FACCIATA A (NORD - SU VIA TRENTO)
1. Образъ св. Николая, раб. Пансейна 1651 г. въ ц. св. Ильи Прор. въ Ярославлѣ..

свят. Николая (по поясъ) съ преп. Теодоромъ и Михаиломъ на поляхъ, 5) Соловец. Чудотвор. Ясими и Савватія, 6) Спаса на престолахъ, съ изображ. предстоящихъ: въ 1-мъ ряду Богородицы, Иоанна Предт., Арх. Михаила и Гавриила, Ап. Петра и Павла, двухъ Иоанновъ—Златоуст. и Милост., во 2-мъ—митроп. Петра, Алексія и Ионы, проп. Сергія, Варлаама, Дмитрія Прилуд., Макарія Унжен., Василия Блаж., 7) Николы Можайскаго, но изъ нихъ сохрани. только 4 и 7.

--

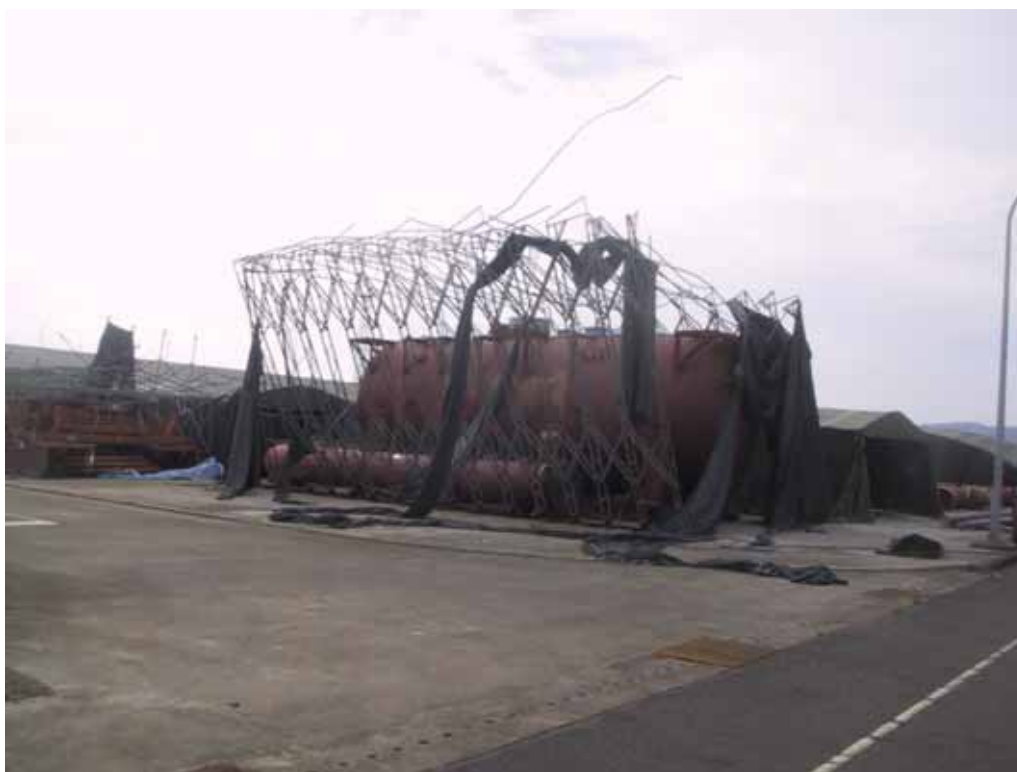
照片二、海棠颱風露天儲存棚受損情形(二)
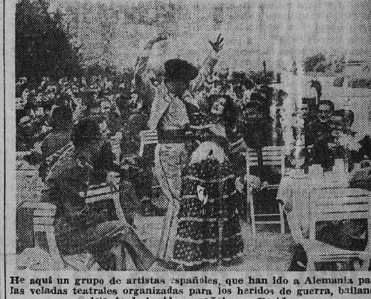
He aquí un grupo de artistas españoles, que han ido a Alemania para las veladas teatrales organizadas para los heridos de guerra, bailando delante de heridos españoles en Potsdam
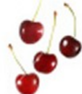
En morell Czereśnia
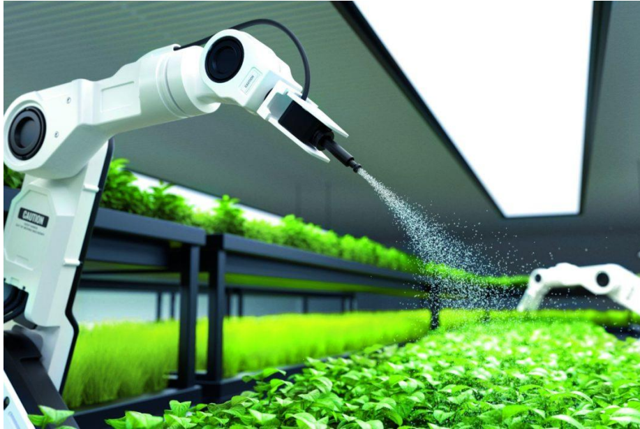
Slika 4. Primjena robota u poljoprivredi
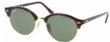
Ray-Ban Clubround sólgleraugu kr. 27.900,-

§ **TASK DETAILS**
Taking the entries above, extract every line from the one bearing "He aquí un grupo" through the one bearing "Ray-Ban Clubround sólgleraugu", exactly, with no pictures.

§ **ANSWER**
He aquí un grupo de artistas españoles, que han ido a Alemania para las veladas teatrales organizadas para los heridos de guerra, bailando delante de heridos españoles en Potsdam
En morell Czereśnia
Slika 4. Primjena robota u poljoprivredi
Ray-Ban Clubround sólgleraugu kr. 27.900,-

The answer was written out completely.